Барышев плотно закрыл за собой дверь.

– Хороший вопрос, – усмехнулся он. – Но у меня вопрос еще лучше. Кто вы? И какое отношение к вам имеет моя жена?


Митяй не помнил дословно этого разговора, вернее, не разговора – перепалки, почти драки, – если бы не корсет, он задушил бы этого Барышева. Митяй даже бросился на него, но Барышев легко поставил блок правой рукой, не дав к себе прикоснуться, развернулся и вышел, громко хлопнув дверью. Словно в морду дал, при этом даже пальцем его не тронув…

Очнулся Митяй, когда Люда забежала в палату.

– С вами все в порядке? – бросилась она к нему. – Вы так кричали, Дмитрий Иванович… вам же нельзя волноваться. Что за люди, в самом деле! Приходят в лечебное учреждение и ведут себя как дикари!.. Пускать таких нельзя!

Митяй поймал ее за руки, которыми Люда по обыкновению возмущенно размахивала, и посмотрел в серые, готовые заплакать глаза.

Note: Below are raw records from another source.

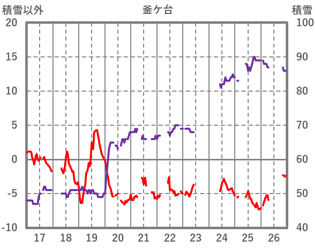 | 日 | 時 | 気温 | 降水 | 風向/風速 | 日照 | 積雪 | 降雪 |
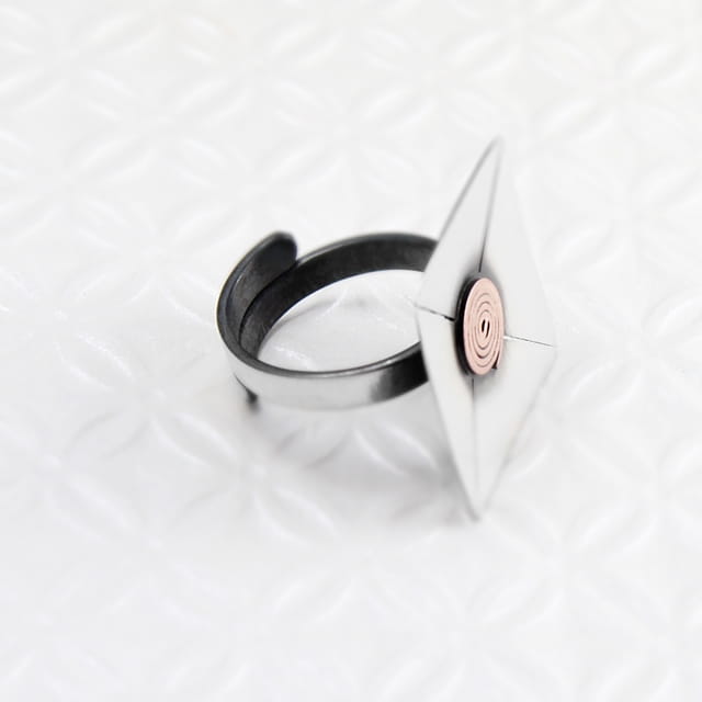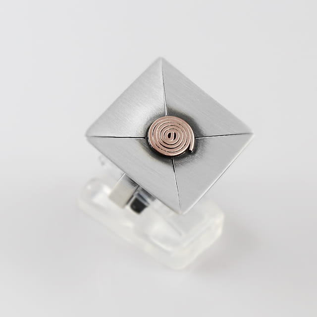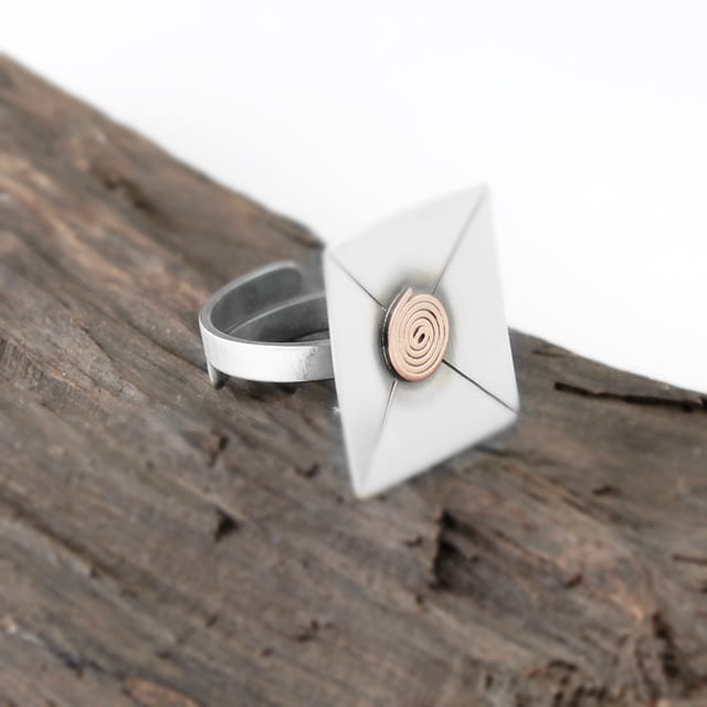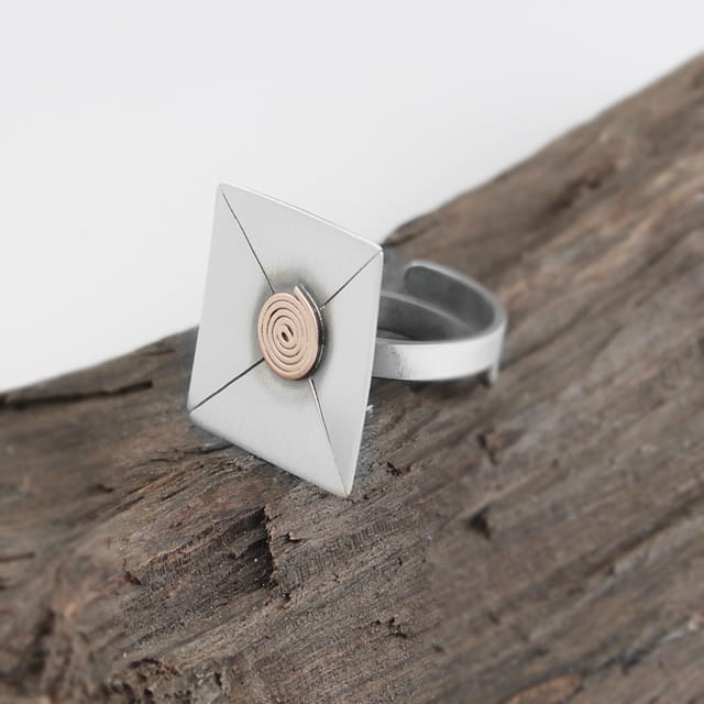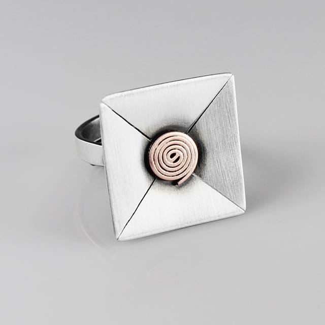 Prosty a zarazem bardzo elegancki i efektowny pierścionek srebrny. Element ozdobny o wymiarach 2,2 x 2,2 cm. Powierzchnia zoksydowana, następnie satynowana na mat, w środku ślimaczek wykonany z miedzi. Pierścionek jest regulowany (istnieje możliwość dopasowania do indywidualnych potrzeb), na szynie około 3 mm.
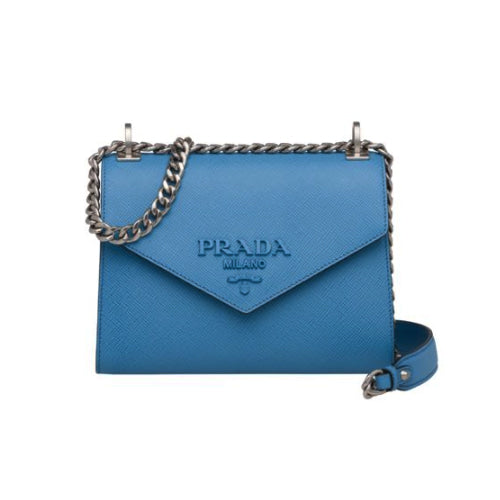 프라다 모노크롬 사피아노 레더 숄더백 블루
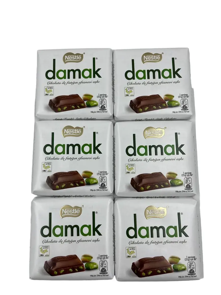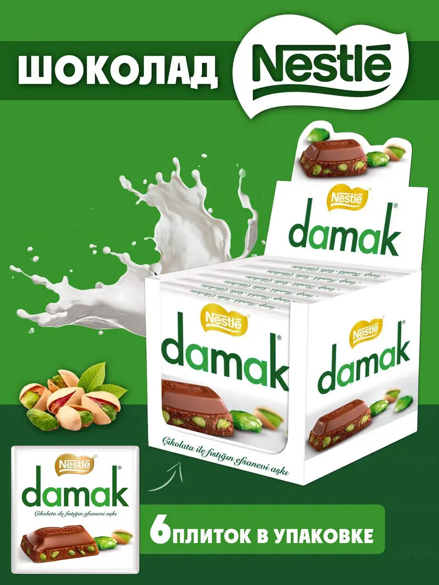 Nestle Damak Шоколад с фисташкой 6 шт (6х60 г) - Этот продукт сочетает в себе нежный вкус молочного шоколада и хрустящие кусочки фисташек, что делает его уникальным и запоминающимся. Упаковка содержит 6 плиток по 60 граммов, что позволяет легко наслаждаться любимым лакомством в любое время.
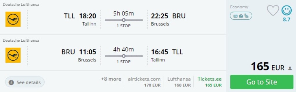Tulenevalt lennuaegadest on minnes vajalik ööbimine Brüsselis. Mugavaim variant Brüsselisse lendamiseks on Lufthansa, mis pakub kiirete ümberistumistega lende 165-175 euroga. Saadaval on ka teisi lennufirmasid (AirBaltic, Finnair).
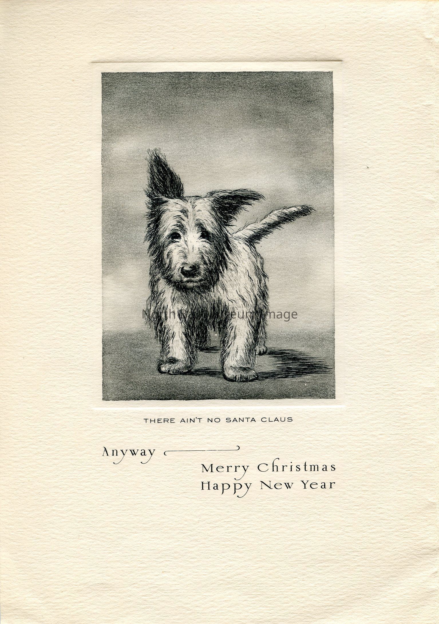 The back of the card has an image of a black dog walking. Below the illustration in black text reads "Merry Christmas and Happy New Year."
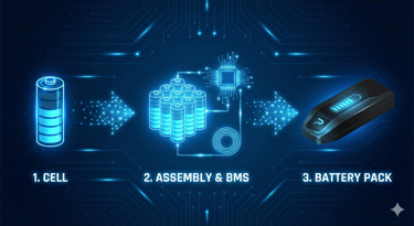 Pack/Battery: This is a system composed of many cells connected in series and parallel, equipped with protection and control electronics (BMS), wiring, a housing, and a thermal management system in the case of large applications such as ESS and automotive.

– Вон какой вы бледный. Давайте я вам давление измерю…

– Это ее муж… муж…

Митяй уткнулся Люде в живот, потому что некуда было больше уткнуться и некому рассказать о том ужасе, который сидел у него внутри.

– Она замужем, понимаешь? И у нее есть от него ребенок… Ольга замужем… и это ее муж…

Он зарыдал в этот белый халат, в этот теплый живот, потому что не зарыдать не мог. Последний раз он так рыдал в десять лет, когда на машине разбился отец… Казалось, жизнь после смерти отца кончилась, как кончилась она и сейчас, когда у Ольги объявился такой муж…

Не урод. Не нищий. Не алкоголик… И даже не с перебитым, как у него, позвоночником.

Всем мужьям муж – мечта любой бабы, принц на «мерсе»…

– Что, что вы ему сказали, Дмитрий Иванович? Что вы ему сказали?! – Люда судорожно гладила его по голове, по плечам, по рукам, которые стискивали ее до боли.

– Что есть, то и сказал… Я ее люблю, понимаешь? Всю жизнь люблю… и она… Она же меня не бросила! Она же меня такого вот не бросила, значит… Она меня любит… любит…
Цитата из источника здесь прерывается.